11. Sources of Inevitability
• Several reading of Marx on Say (Sweezy, Shoul, Foley) reach this point and
then leave the matter largely as a contest to pick among the possible
sources or causes of crises
• The suggestion here is that such a search misses the central point. There is
a fundamental pattern that characterizes all the scenarios touched on by
Marx.
• In each case there is a squeeze on profits in a leading sector or several
closely related sectors. This squeeze might start on the cost side or on the
demand side. Which is largely irrelevant. What is inevitable under
capitalism is that capitalist calculations must often go awry.
• Just as inevitably, if the initial sectors are central enough, the effects of the
initial miscalculations will spread from the leading sectors back along
supply chains and forward in reduced consumption spending.
12. Interconnections and Say’s Law
• Because of these interconnections, the classical statement of Say’s
Law “must always be taken cum grano salis,” because “in times of
general over-production, the over-production in some spheres is
always only the result, the consequence, of over-production in the
leading articles of commerce; [it is] always only relative, i.e., over-
production because over-production exists in other spheres,” (ch.
XVII, section 14).
• One can call this a disproportionality crisis, but once initiated, it has
all the characteristics of a general crisis of over-production. As Marx
puts it, “For a crisis (and therefore also for over-production) to be
general, it suffices for it to affect the principal commercial goods,”
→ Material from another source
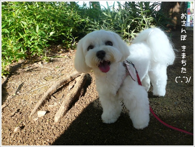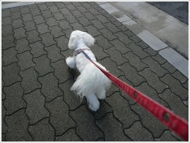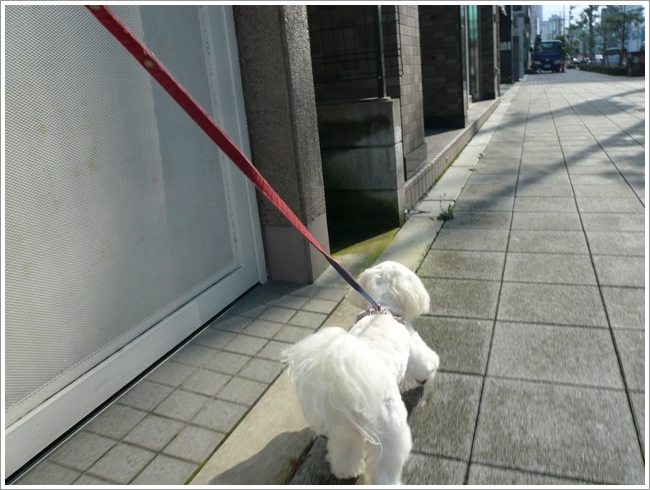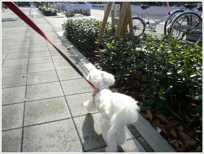 歩道を嬉しそうにテクテク

(TSV, ch. XVII, section 8).
13. Conclusion
• From this perspective it is easier to understand Marx’s dismissal of the
classical denial of a general glut. Their apologetics turn overproduction into
“its very opposite,”(14). The followers of Say’s Law had insisted that in
universal overproduction “all spheres of production would retain the same
relation to one another; therefore universal overproduction is proportional
production which excludes over-production.”(14)
• And in a rather rhetorical flourish, Marx concludes, “[I]t is alleged that
actual over-production, which is precisely not this non-existent, self-
abrogating overproduction, does not exist—although it only exists because
it is not this,” (14)
• While the presence of money makes a general glut possible and while
credit must intensify the pressures put on any capitalist by a fall in
profitability, it is the intense inconnectedness of the capitalist economy
that guarantees disruptions in leading sectors will be spread and amplified.